Last modified: 2010-06-11

Abstract


I believe that there is a misconception of the nature of the mind. I invite you to challenge your ideas about objectivity, the brain as just a reactive mechanism, and several other things a proper scientist usually does not question. I will lay out a philosophic argument, on why any "monopolistic" all-explaining Ism necessarily brakes down once the mind (as being the observer at the same time) is included in a holistic explanation of the world. This is even the case with scientist's favoured paradigm of explanation, Physicalism (when claiming universality).

In the second part I will use the insight, that different paradigms can and should be "equal, first class citizen" for the description of the world (when including the mind), to present a paradigm of subjectivity and constructionism, complementing Physicalism. It is motivated by the an analysis of Natural Science's main (and, in fact, also the layman's intuitive) forms of description (Things, Agents, Cause and Effect, and the ephemeral term Emergence).

To demonstrate the usefulness of a complementary subjective paradigm, an experiment in developmental robotics is conducted as part of the Master Thesis, where a robot agent, as the source of active involvement with the world, actively seeks to learn ways of manipulating it's environment to yield certain properties of it's sensation. It will literally try to "make sense".



1) The mathematics of the mind, or, the Science of Scientist

Why does Science and the Scientist not mix? Fundamentally, Cognitive Science aims to be the Science of the mind, which necessarily includes the (hopefully, thinking) scientist. On a second thought, this seems paradox. Natural Sciences base themself on the paradigm of an independent observer, who strictly not interferes (or rather, does not exist, for all purposes!) with the object of study, so as not to influence it. There is a very strong reason to do so, as we will see. But unfortunately that trick simply does not work in the object of study in Cognitive Science.

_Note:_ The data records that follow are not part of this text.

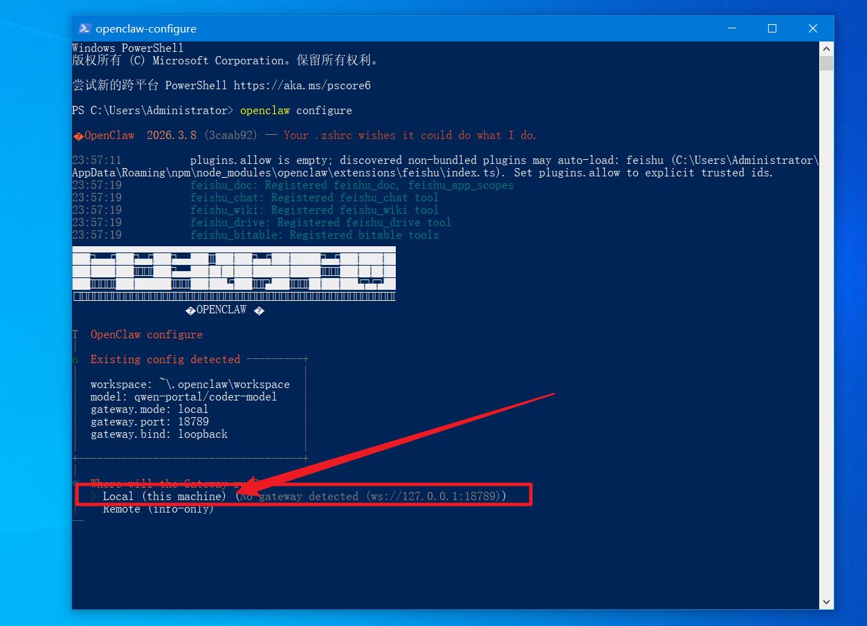 注意: 这个小黑屏窗口是 OpenClaw 的网关服务,必须保持打开才能让飞书机器人持续运行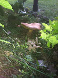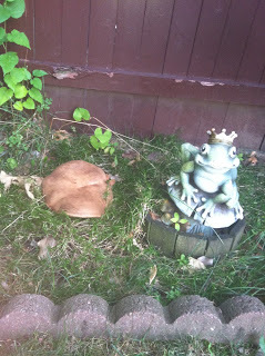 Looks like a loaf of bread that somebody threw over my fence next to my Frog Prince, right?That's what I thought.Wrong.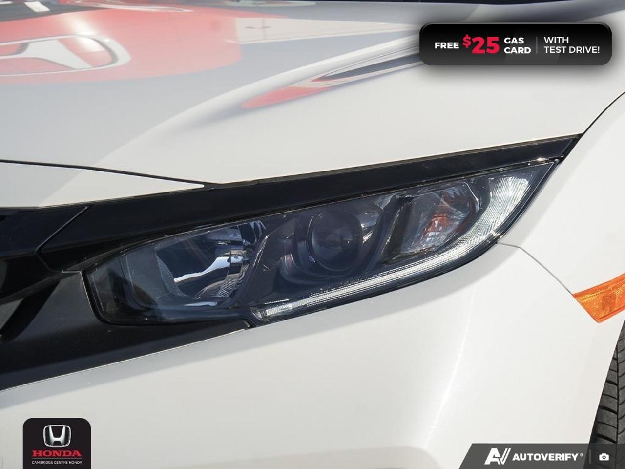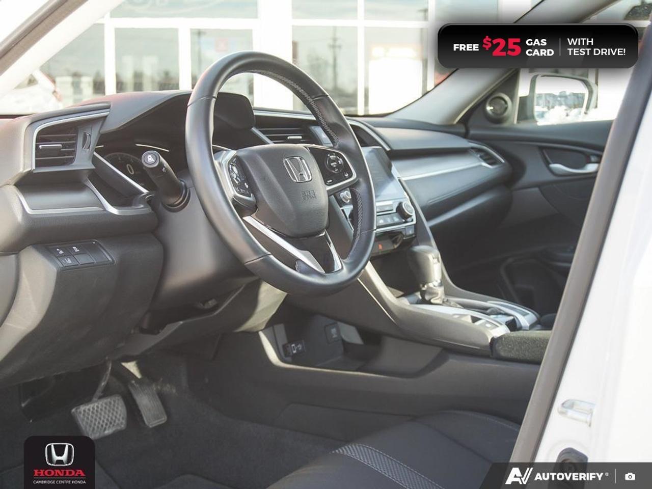 2021 Honda Civic EX featuring CVT transmission, five passenger seating, power sunroof, remote engine starter, rearview camera with dynamic guidelines, Apple CarPlay and Android Auto connectivity, Siri® Eyes Free compatibility, ECON mode, Bluetooth, AM/FM audio system with two USB inputs, steering wheel mounted controls, cruise control, air conditioning, dual climate zones, heated front seats, 12V power outlet, power mirrors, power locks, power windows, 60/40 split fold-down rear seatback, Anchors and Tethers for Children (LATCH), The Honda Sensing Technologies - Adaptive Cruise Control, Forward Collision Warning system, Collision Mitigation Braking system, Lane Departure Warning system, Lane Keeping Assist system and Road Departure Mitigation system, remote keyless entry with trunk release, auto on/off headlights, electronic stability control and anti-lock braking system. Contact Cambridge Centre Honda for special discounted finance rates, as low as 8.99%, on approved credit from Honda Financial Services.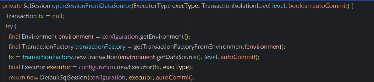 DefaultSqlSessionFactory调用openSession()方法生成DefaultSqlSession,形参有Executor,Configuration,是否开启事务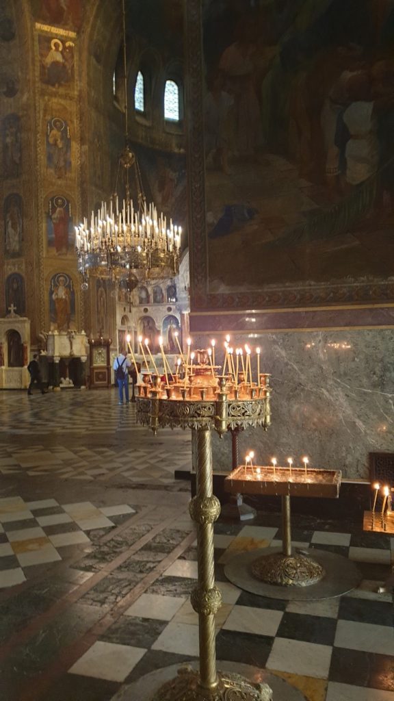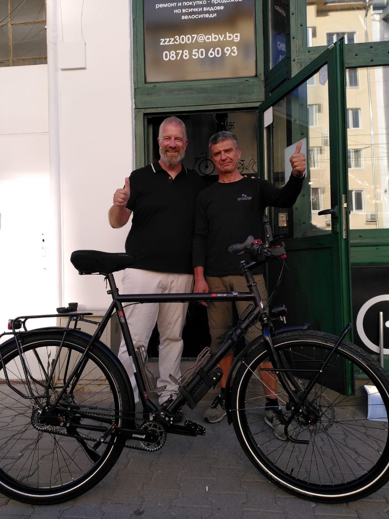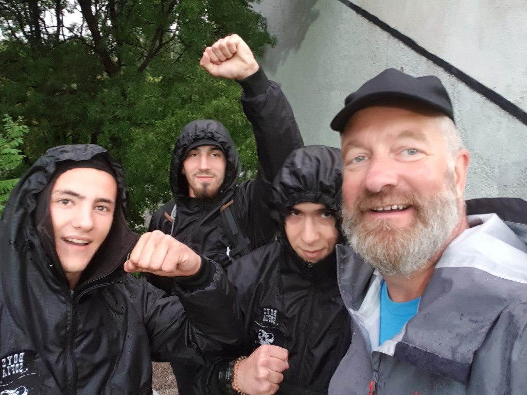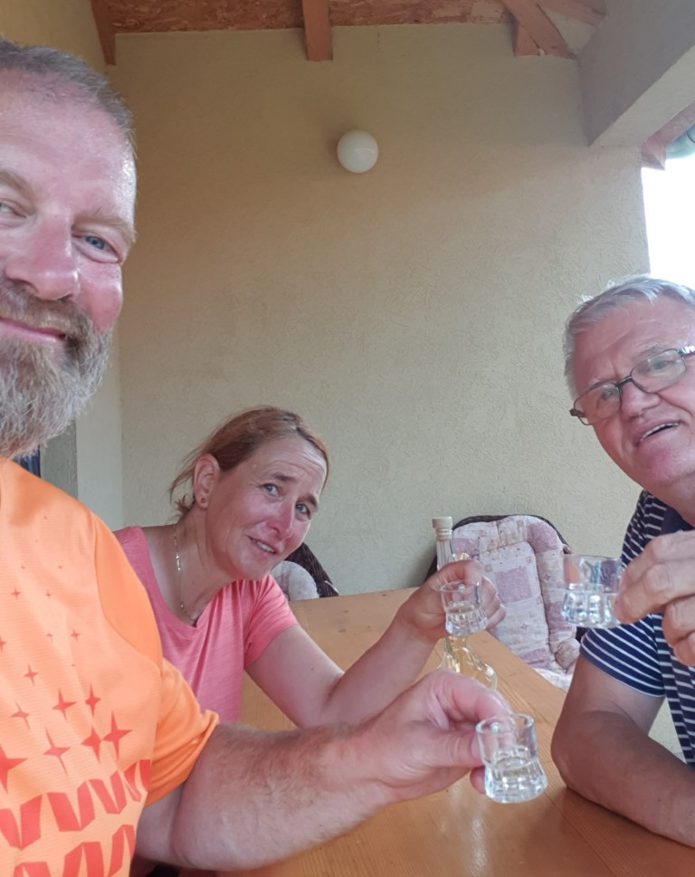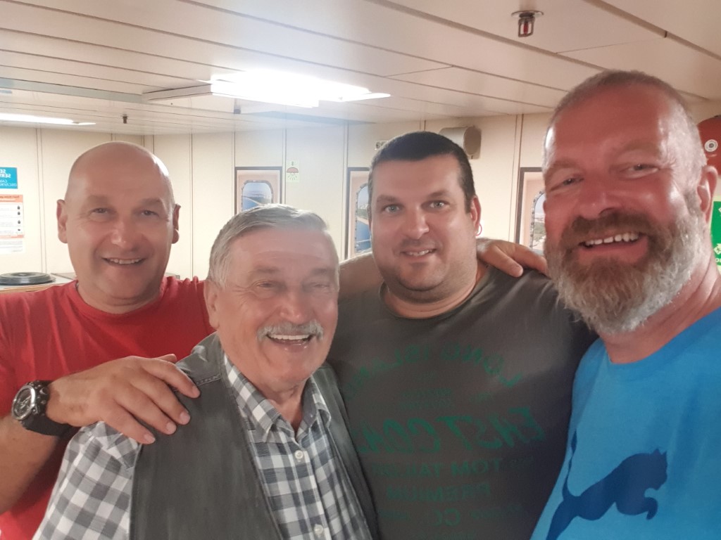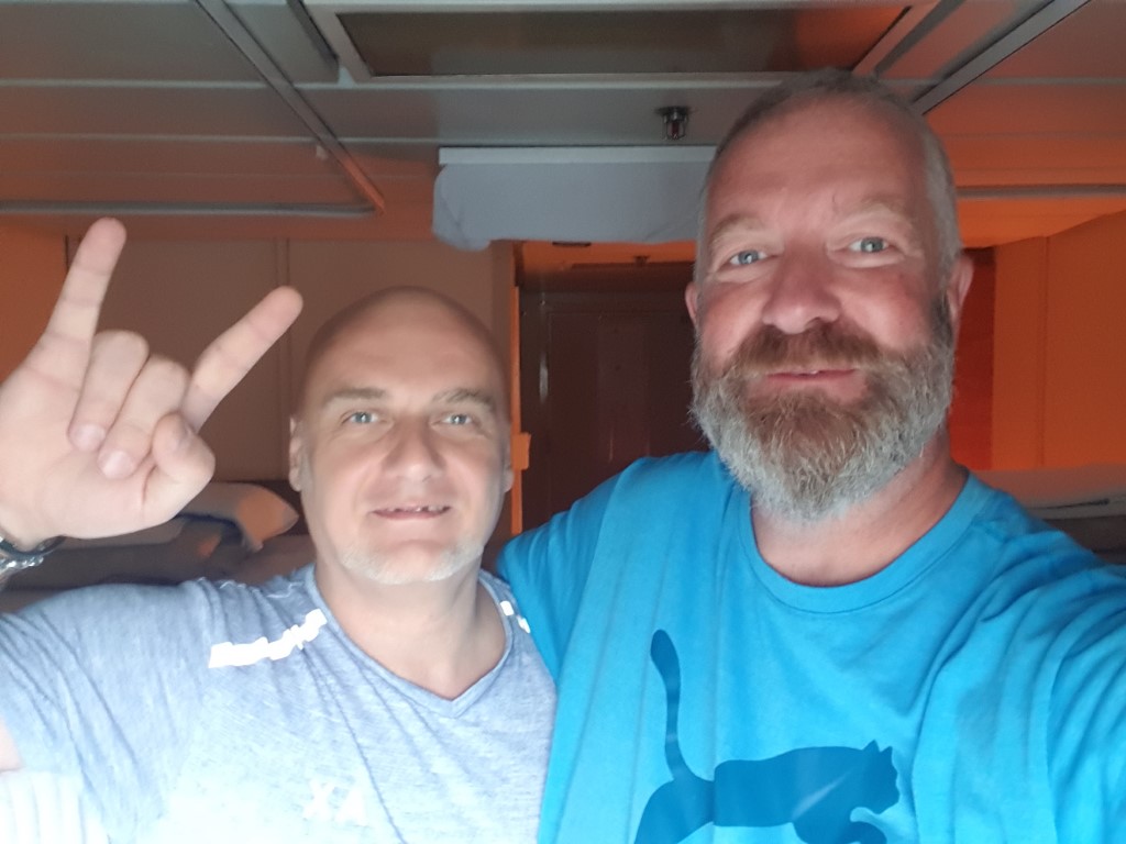 Auf so engem Raum lernt man in drei gemeinsamen Tagen zwangsläufig jede Menge Leute kennen. Die beiden kräftigen Herren im Hintergrund fahren mit ihren LKW regelmäßig Autos von München nach Tiflis. Kyrill im Vordergrund ist 78 Jahre alt und mit dem Auto unterwegs von Sofia nachhause nach Rostow am Don. Er ist gebürtiger Bulgare, hat aber in Russland studiert und sich als Ingenieur dort etwas aufgebaut. 3 Enkel leben in Sofia, 3 in Rostow. Er hat einen Hang zu selbst gebranntem Vodka. Mich hat er auch versorgt – wirklich lecker, aber nach einem halben Glas musste ich mich schon hinlegen …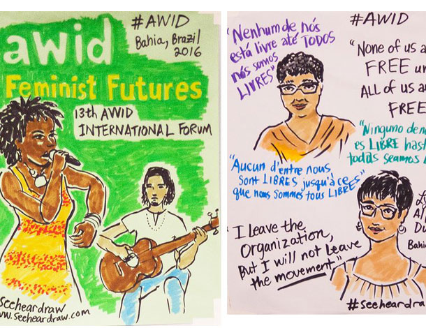 Le Forum de l'AWID se capture avec des mots, des photos et des illustrations. Les images ci-dessous ont été réalisées par Tracey et Liz de SeeHearDraw. Elles interprètent en illustration le riche contenu partagé par nos contributeurs-trices et les participant-e-s lors des séances plénières et différentes discussions du Forum.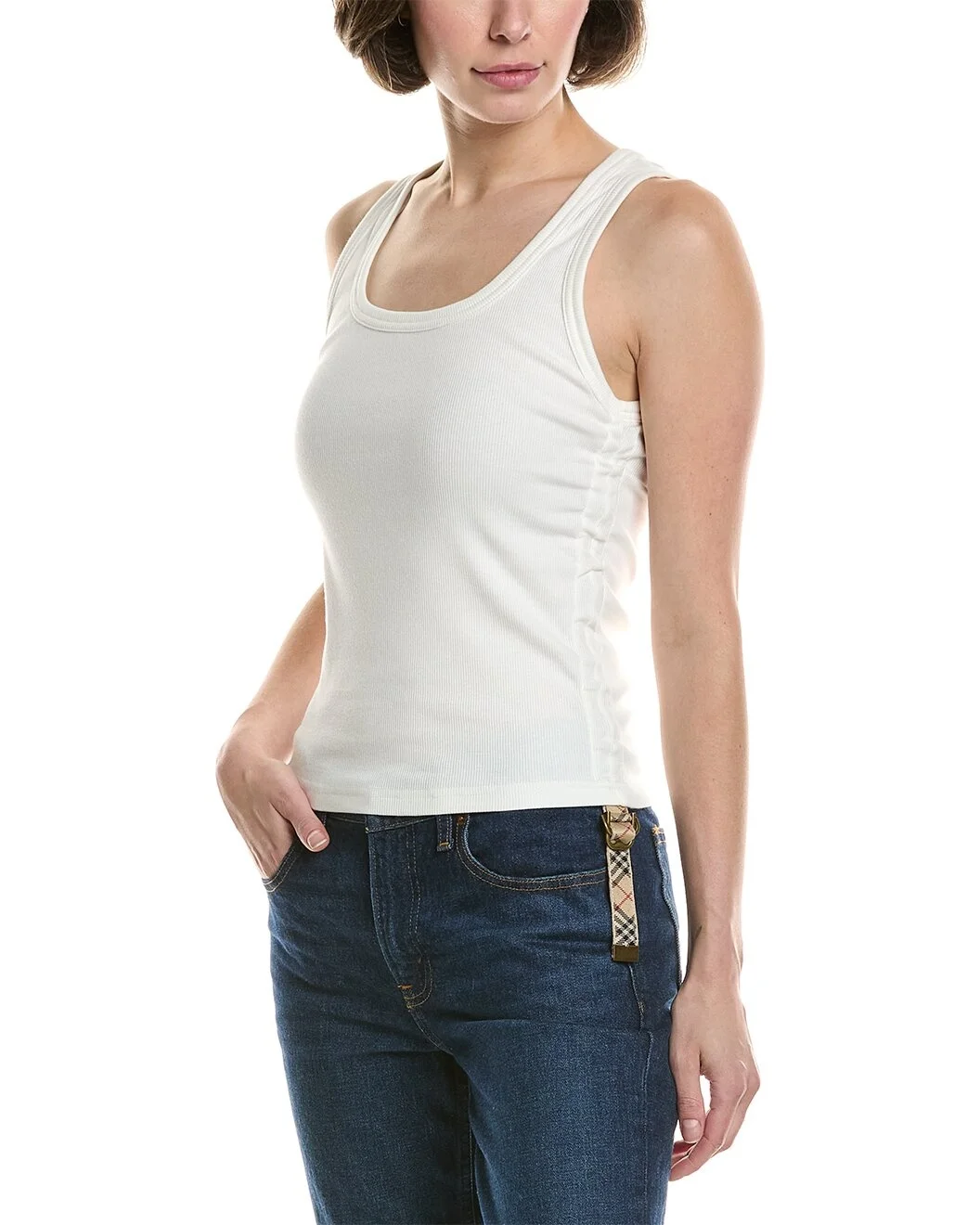 - About the brand: Iconic patterns, materials and silhouettes have made Burberry a coveted luxury staple since 1856. From waterproof, patented gabardine fabric to the unmistakable vintage check and the more modern monogram pattern, Burberry boasts undeniably British influence with timeless appeal. - Check Cotton Tank Top in chalk with ribbed trim, and scoop neck - Approximately 21in from shoulder to hem - Model is 5'10 and is wearing a size small. Measurements may vary slightly by size. - Slip-on styling - 95% cotton, 5% elastane - Machine wash - Our products are 100% genuine. In some cases we purchase merchandise from trusted independent suppliers and not directly from the brand owner. In all cases we stand by the authenticity of every product sold on our site.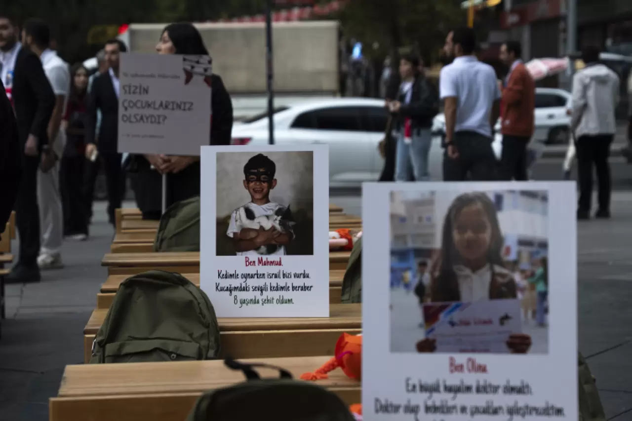 İsrail'in 7 Ekim 2023'ten bu yana 19 bin çocuğu öldürdüğünü belirten İbiş, "O çocukların çantaları kapının arkasında asılı kaldı. Defterleri hiç açılmadı, kalemleri hiç yazmadı. Hayatları katil İsrail'in bombalarıyla ellerinden alındı. Gazze'de yüzlerce okul yerle bir edildi, sınıflar enkaza döndü, kütüphaneler kül oldu. Çocukların umutla beklediği teneffüs zilinin yerini bombaların uğursuz sesi aldı." ifadelerini kullandı.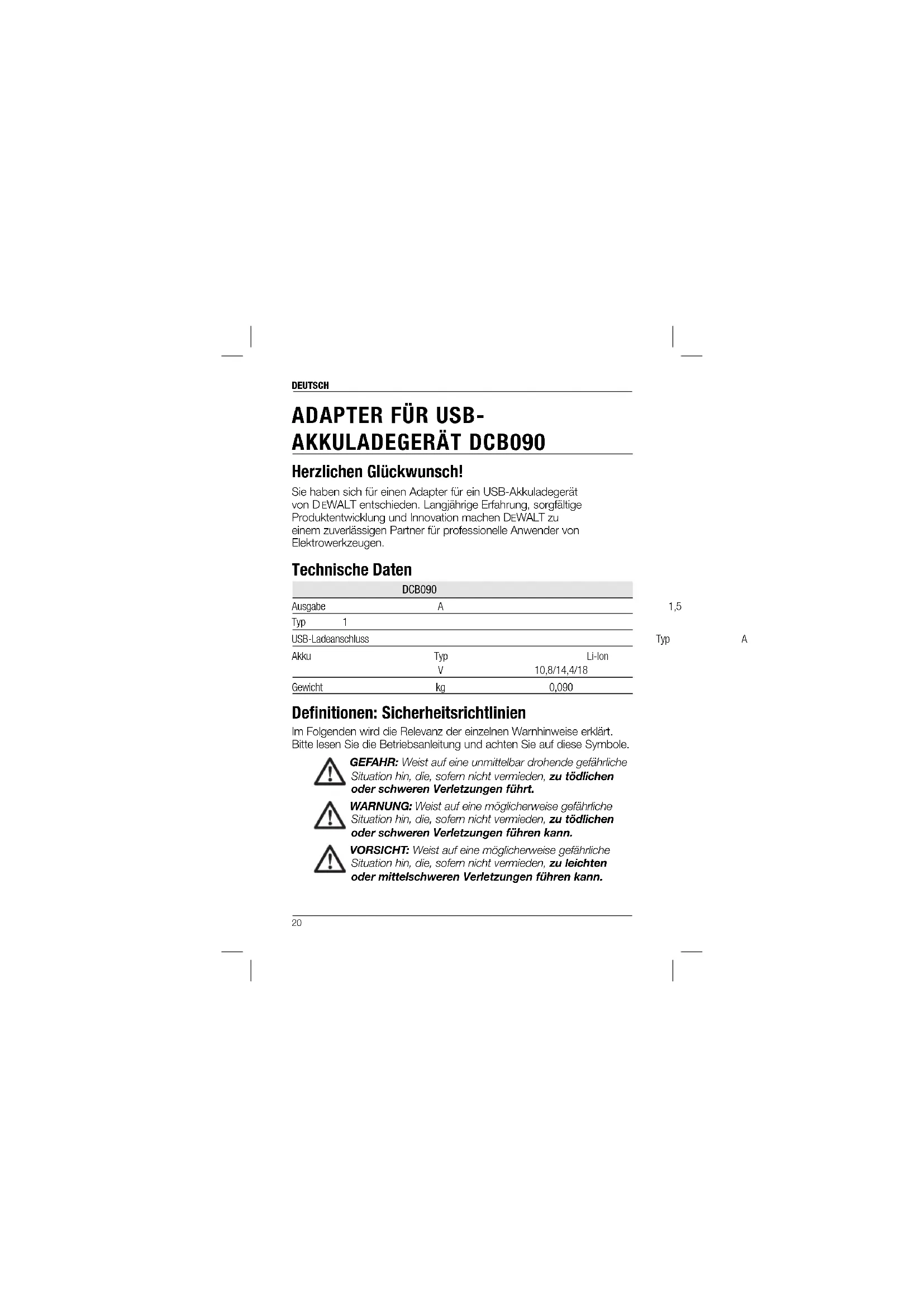 Herzlichen Glückwunsch! Sie haben sich für einen Adapter für ein USB-Akkuladegerät von D EWALT entschieden. Langjährige Erfahrung, sorgfältige Produktentwicklung und Innovation machen DEWALT zu einem zuverlässigen Partner für professionelle Anwender von Elektrowerkzeugen. Technische Daten DCB090 Ausgabe A 1,5 Typ 1 USB-Ladeanschluss Typ A Akku Typ Li-Ion V 10,8/14,4/18 Gewicht kg 0,090 Defi nitionen: Sicherheitsrichtlinien Im Folgenden wird die Relevanz der einzelnen Warnhinweise erklärt. Bitte lesen Sie die Betriebsanleitung und achten Sie auf diese Symbole. GEFAHR: Weist auf eine unmittelbar drohende gefährliche Situation hin, die, sofern nicht vermieden, zu tödlichen oder schweren Verletzungen führt. WARNUNG: Weist auf eine möglicherweise gefährliche Situation hin, die, sofern nicht vermieden, zu tödlichen oder schweren Verletzungen führen kann. VORSICHT: Weist auf eine möglicherweise gefährliche Situation hin, die, sofern nicht vermieden, zu leichten oder mittelschweren Verletzungen führen kann.DEUTSCH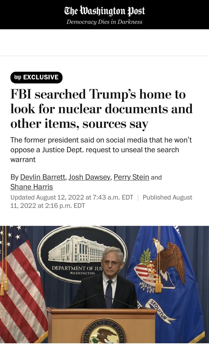 • رجعت القصة من جديد يوم أمس عندما نشرت @nytimes تقريرا يقول إن المداهمة كانت لـ استرجاع وثائق نووية أخذها ترامب عندما غادر البيت الأبيض !

So, how can we ever have the slightest hope of explaining the observer herself by this paradigm, if it is a priori axiomatically excluded? Trying to include it leads to "homunculus argument" fallacies, or artificial paradoxical partitioning like cartesian dualism.
The realisation, that the necessary distinction of observer and observed is not possible, as it is in literally any other science, might sound fatalistic to some of you. Some will surely opt for a religous stance (there are things science can't explain), but instead I invite you to explore with me the restrictions and requirements of paradigms for a Science of the Scientists, or the Science of the Mind, as it is more generally called, and discover the possibility of peacefully coexisting paradigms of explanation, complentary to Physicalism.


The starting point of the argument is the connection of Natural Science to Mathematics, and Godel's Incompleteness Theorems, to show that any complete Theory of the World including the mind necessarily leads to contradictions, which is the reason to usually exclude the observer from the description (objectivity in Physicalism).

To summarise my argument, by relating fundamental restrictions of mathematics to the specific challenge of Cognitive Science, we can conclude that our paradigms /necessarily/ need to brake down at some points, and we can only gain completeness of a unified theory by losing it's logical consistency (as with e.g. materialism, classical forms of dualism, etc.). As an alternative, I propose the coexistence of complementary (non-unifiable) Paradigms.


2) Why Emergence is an ephemeral concept, why this is good, and how this illuminates a possible paradigm to complement Physicalism

As the previous philosophic argumentation might seem remote to actual practical problems, I continue to illustrate it with the concept of Emergent behaviour.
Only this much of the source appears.